The guard threw open the door, sucking in a breeze to purge the warmth of enclosed bodies and the stench of fear. The worshippers drained from the room with a haste just short of panic, jostling at the doorway to the long entrance passage. They’d entered chanting, but there was no pretense of a recessional to put a solemn seal on the proceedings.
This wasn’t religion: it was wizardry, and wizardry of a particularly unpleasant sort. Ilna’s lip curled. Those who’d performed it were anxious to return to their homes and pretend they had no idea of what was going on.
The priests followed the layfolk, murmuring among themselves. They controlled their fears more carefully, but they too wanted to be gone. The pair—a man and a woman—who’d made the sacrifice carried away the dead rabbits in their baskets instead of leaving them for servants.
Did servants ever enter this room? Now that she thought about it, Ilna thought there’d been smears from previous slaughter on the pool’s marble coping before the priests carried out the present sacrifice.
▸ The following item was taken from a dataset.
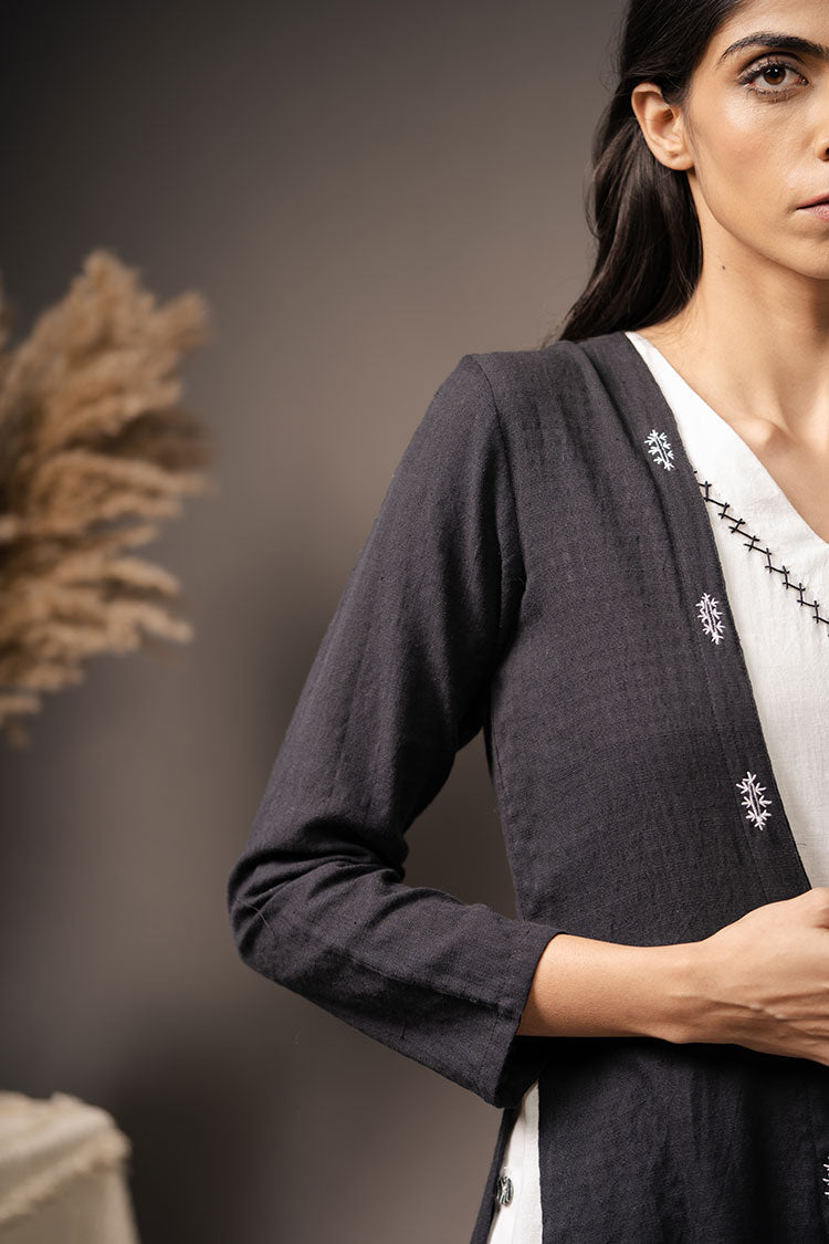 This free flowing shrug with delicate hand embroidery on buttonholes is given to give you a spotlight anywhere you walk down the street.

This was truly a sanctum, perhaps the more so because it didn’t hold the God’s image.
Only initiates entered. If they didn’t carry out menial tasks like scrubbing blood from the marble, nobody did.
The last of the priests passed from the hall; she didn’t bother to close the inner door behind her. Ilna heard the sound of steps shuffling down the passage, fewer and fewer, then the clang of the outer door. The hall was silent, save for the wind sighing softly past the dome’s open eye.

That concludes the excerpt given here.